The key to progress toward adaptation of restorative justice frameworks is increased sensitivity to cross-cultural issues and dynamics that affect restorative justice programs and the administration of justice itself. Often the cultural backgrounds of victim, offender, and program staff member are different, and these differences can lead to miscommunication, misunderstandings, or, worse, revictimization of the victim.

This document's opening scenario demonstrates a brief exchange between people of different cultural backgrounds that left each participant feeling misunderstood, dissatisfied, and doubtful of the mediation's efforts to "humanize" the justice system.

A great danger when speaking of cross-cultural aspects is overgeneralization. There are as many differences within cultures as between cultures. For example, significant customs, communication styles, and world views distinguish the rural White from the urban White, the upper-class Black from the lower-class Black, the Mexican Latino from the Puerto Rican Latino, the reservation American Indian from the nonreservation American Indian. Differences within cultures are discussed later in this section, but first we consider variations across cultures.

Differences between persons raised and living in unlike cultural settings are often reflected in communication styles, typically in the way points of view are communicated; consider the potential pitfalls in interpreting another's nonverbal communication. The following section draws considerably from research-based findings reported by D.W. Sue and D. Sue in Counseling the Culturally Different (1990).

Differences in Communication Styles

Proximity. Cultural experience may dictate how close to each other people stand when they converse. Generally, Latin Americans, Africans, Black Americans, Indonesians, Arabs, South Americans, and the French are more comfortable speaking with less distance between them than White Americans. In mediation or conversation, the White staff person is often seen backing away, possibly feeling confronted or attacked. The Latino victim will appear to be chasing the White American mediator across the room, believing the mediator to be aloof or thinking, "He believes he's too good for me." Both participants are misreading cues based on their cultural experiences and taking actions that will only reinforce misunderstandings. Another example of distance preference is the desire by many White Americans to keep a desk or table between themselves and the people they are talking to. In contrast, some Eskimos prefer sitting side by side when talking of intimate matters to sitting across from each other.

Body movements. Body movements often speak louder than words. Posture, smiling, eye contact, laughing, gestures, and many other movements communicate. How these nonverbal signals are interpreted may vary greatly from culture to culture. Asians may be puzzled and offended by a White mediator who wants to express herself with facial grimaces and smiles. The White mediator may conclude that the Asian, who has been taught to tightly control expressing his feelings, has no emotion. Thus, an individual raised to value control of emotions may not shed tears for having burgled a home but may be feeling remorse.
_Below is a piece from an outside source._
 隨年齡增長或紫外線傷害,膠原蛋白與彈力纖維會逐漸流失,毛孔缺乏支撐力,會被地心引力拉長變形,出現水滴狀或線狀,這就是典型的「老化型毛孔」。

How many times have mental health professionals interpreted failure to make eye contact to mean avoidance of an issue, poor self-confidence, submissiveness, or guilt and shame? In many traditional American-Indian cultures it is disrespectful to look an elder in the eye. In the classroom, American-Indian students often fail to look at the professor when speaking; many prefer not to speak at all. Blacks make more frequent eye contact when speaking than when listening, which leads some practitioners to describe their Black clients as resistant or disinterested. Whites, on the other hand, tend to make eye contact more when listening than when speaking. It is not difficult to conclude that these variations in making eye contact may contribute to misunderstandings during mediation.

Paralanguage. Paralanguage or other vocal cues, such as hesitations, inflections, silences, volume or timbre of voice, and pace of speaking, also provide ample opportunities for misinterpretation across cultures. Rural Americans tend to talk at a slower pace than their urban counterparts. Put a Northern Minnesota farmer in the same room with a New York City taxicab driver and they may have difficulty having a conversation, not because they do not share common interests or are not curious about each other but because they do not have the patience to work at communicating. The New Yorker could feel that an eternity had gone by before the Minnesotan had completed a thought. The latter would have difficulty listening to the fast-paced patter of the former.
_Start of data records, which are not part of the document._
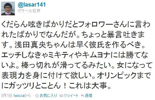 「浅田真央ちゃんは早く彼氏を作るべき。エッチしなきゃミキティやキムヨナには勝てないよ。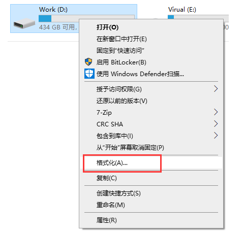 6、如果还是无法解决的话,一般格式化u盘就可以修复u盘打不开的问题了。打开资源管理器,找到并右击无法访问的盘符,然后选择"格式化"选择。不过要注意的是,格式化的话就会导致u盘原有的文件丢失。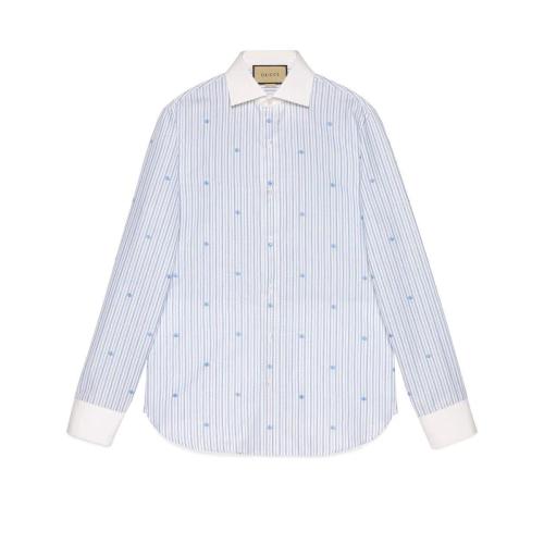 GUCCI古驰 22年秋冬 男士 饰刺绣条纹棉质衬衫 703396 ZAJTL 4482

In American-Indian culture, silence is valued as sacred. Each person must have the opportunity to reflect, to translate thoughts into words, and to shape the words not only before taking a turn at speaking, but while speaking. White Americans often feel uncomfortable with silence. The French might regard silence as a sign of agreement. To an Asian, silence may be considered a token of respect or politeness.

Related somewhat to pace and silence is hesitation. For persons who speak rapidly and feel uncomfortable with silence, hesitation on the part of another is a cue to begin speaking. To the one who hesitates, such an action might be taken not as an interruption but as an intentional, grievous insult.
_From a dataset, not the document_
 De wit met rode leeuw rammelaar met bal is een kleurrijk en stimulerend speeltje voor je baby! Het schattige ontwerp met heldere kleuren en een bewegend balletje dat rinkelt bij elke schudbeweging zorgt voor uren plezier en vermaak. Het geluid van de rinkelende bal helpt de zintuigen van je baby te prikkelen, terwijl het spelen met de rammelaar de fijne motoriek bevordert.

Asians are given to speaking softly; many find U.S. speakers to be brash and loud. Arabs, on the other hand, may find U.S. speakers to be soft-spoken. The Arab prefers a higher volume.

Persons of Asian descent may find U.S. Americans to be too direct, blunt, and frank. The former will go to great lengths not to hurt feelings; the latter is often unaware when feelings have been hurt.

Density of language. Density of language also differs among speakers from different cultural backgrounds. Blacks tend to be sparse and concise. Often, in exchanges among Blacks, many shared codes are used, requiring little further information. Even the simple phrase "uh, huh" is loaded with meaning when taken in the context of the social situation. To outsiders, Blacks may appear terse or disinterested. Asians and American Indians will often use many more words to say the same thing as their White colleagues. The poetry of the story may be more important than the content (and may actually be the point of the story). Much patience is required of Blacks and Whites to understand what is being said when conversing with American Indians or Asians. One can readily see potential communication problems that might arise in mediations involving members of different cultural groups.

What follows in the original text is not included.